The Single Particle Battery interface is a generic interface for modeling intercalation electrode-based batteries. It may be viewed as a semi-lumped version of the Lithium--on and Battery with Binary Electrolyte interfaces described below.
Tailor made Battery Interfaces
Certain common battery types have predefined physics interfaces. Common for all these interfaces is that by the use of concentrated electrolyte theory for the charge and mass transport in the electrolyte, a more accurate electrolyte transport model is achieved, compared to the Nernst–Planck equations described earlier in this chapter.
Lithium-Ion Battery is used for solving problems in batteries where the anode (in discharge mode) is lithium metal intercalated into a material such as graphite, and the cathode (in discharge mode) is lithium ions intercalated into a transition metal oxide. The electrical current through the electrolyte is carried by lithium ions, typically in an organic solution. Because both the anode and cathode materials are typically porous to maximize the active surface area, the Porous Electrode domain node is standard do define each electrode.
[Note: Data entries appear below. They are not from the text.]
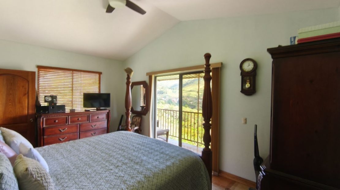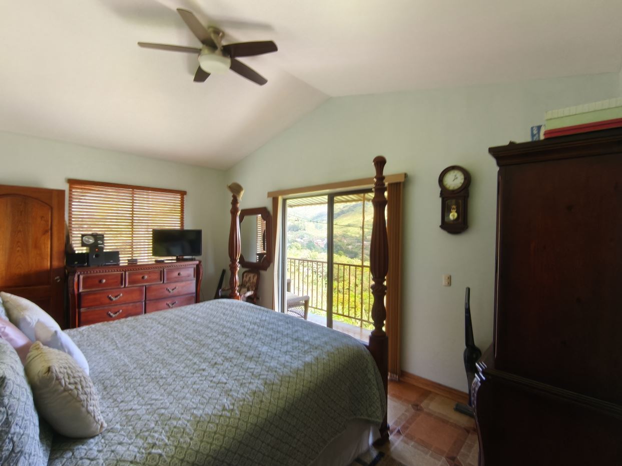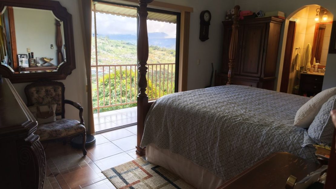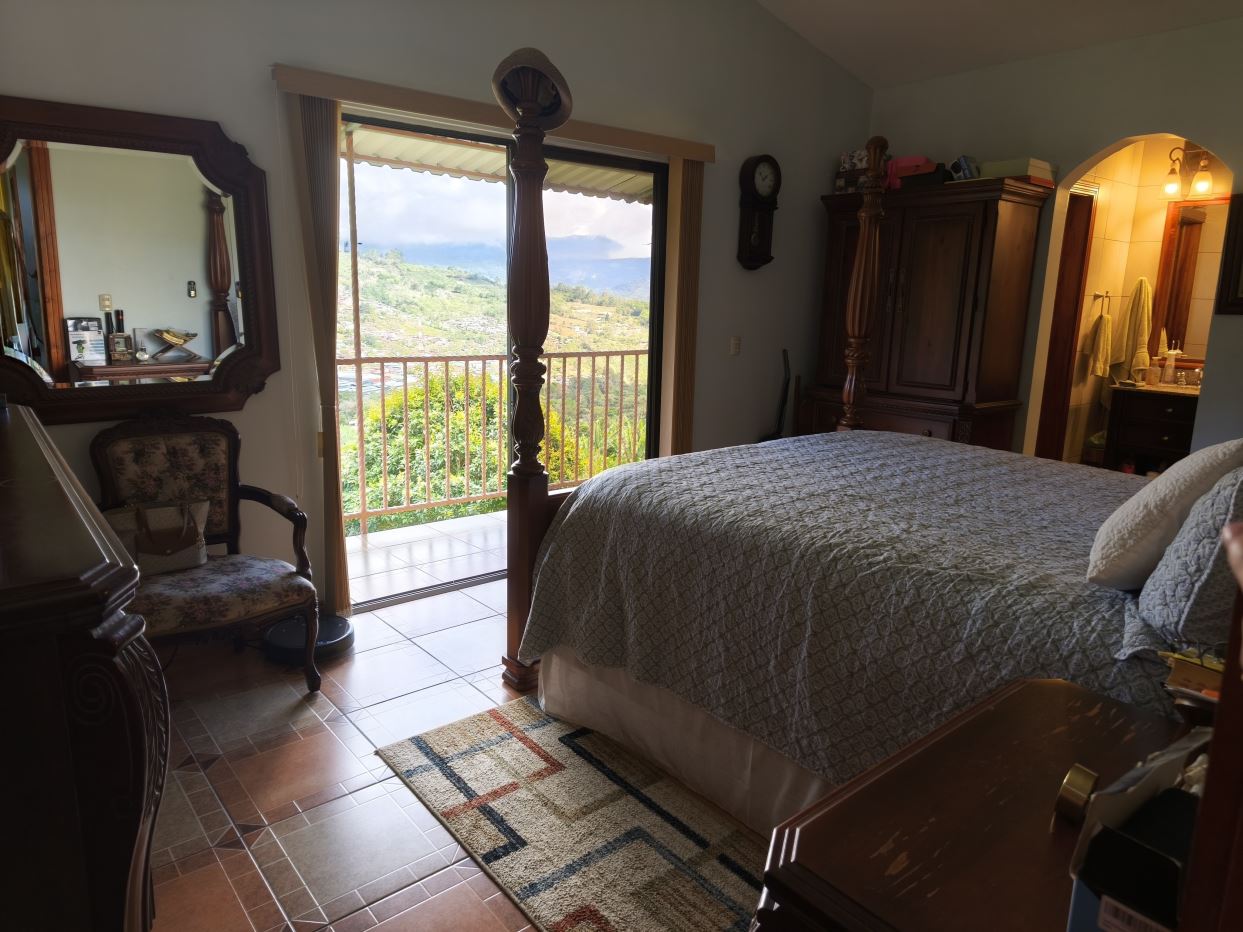 The house includes 3 bedrooms and 2.5 bathrooms. The master bedroom is a true master suite, featuring a walk-in closet, private bathroom and toilet, and a private balcony with open views of the surrounding mountains and the city of San Pablo de León Cortés. A second bedroom also functions as a suite, with a private bathroom, separate toilet, and a bathtub. The third bedroom is a standard room, suitable for family members, guests, or flexible use.
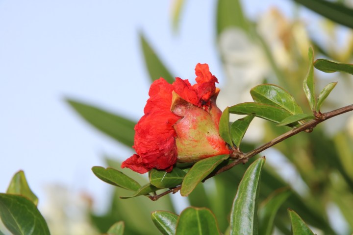 There was more excitement. I walked the side bank to check the chimney and gutters. And there it was. A pomegranate. Now it may seem insignificant to you but trust me. It wasn’t to me. We have two trees/bushes close to each other. We have been here 2.5 years and we have never had fruit. One tree had a flower this year. But this one had none. Now there was a fruit.
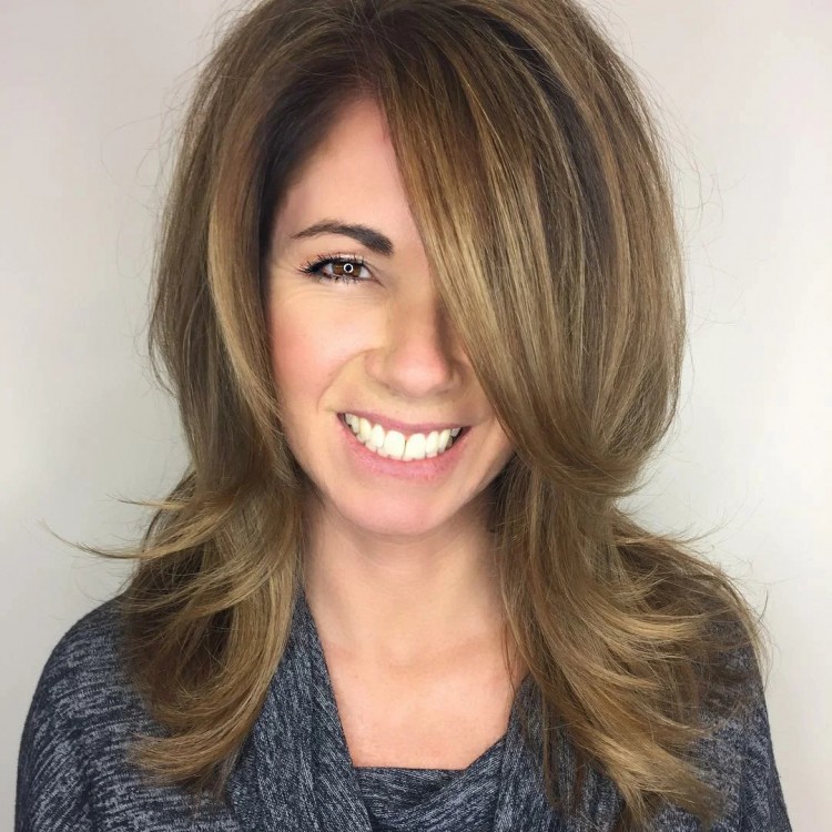 Багатошарові стрижки зроблять образ літньої жінки розкішнішим. Дами виглядають більш жіночно та привабливо. Стрижка універсальна: пасує жінкам з будь-яким типом обличчя та структурою волосся. Підсилити ефект омолодження дозволяє подовжений профільований косий чубчик.
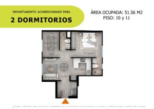 Amarela constará de 11 pisos con un total de 56 departamentos de 1, 2 y 3 dormitorios, y 5 áreas comunes, entre ellas: Zona de parrillas, terraza, coworking, lobby, estacionamientos de bicicletas y lavandería.

The Battery with Binary Electrolyte interface can be used for a range of general battery types involving porous electrodes and current transfer through an ionic conductor. An example is the nickel–metal hydride battery — an early type of rechargeable battery in which the discharge anode is a metal hydride, the discharge cathode is a hydrated nickel oxide, and the current is transferred by high concentration potassium hydroxide in aqueous solution.
The Lead–Acid Battery interface is designed for batteries in which the discharge process is the comproportionation of Pb(0) and Pb(IV) through a sulfuric acid medium.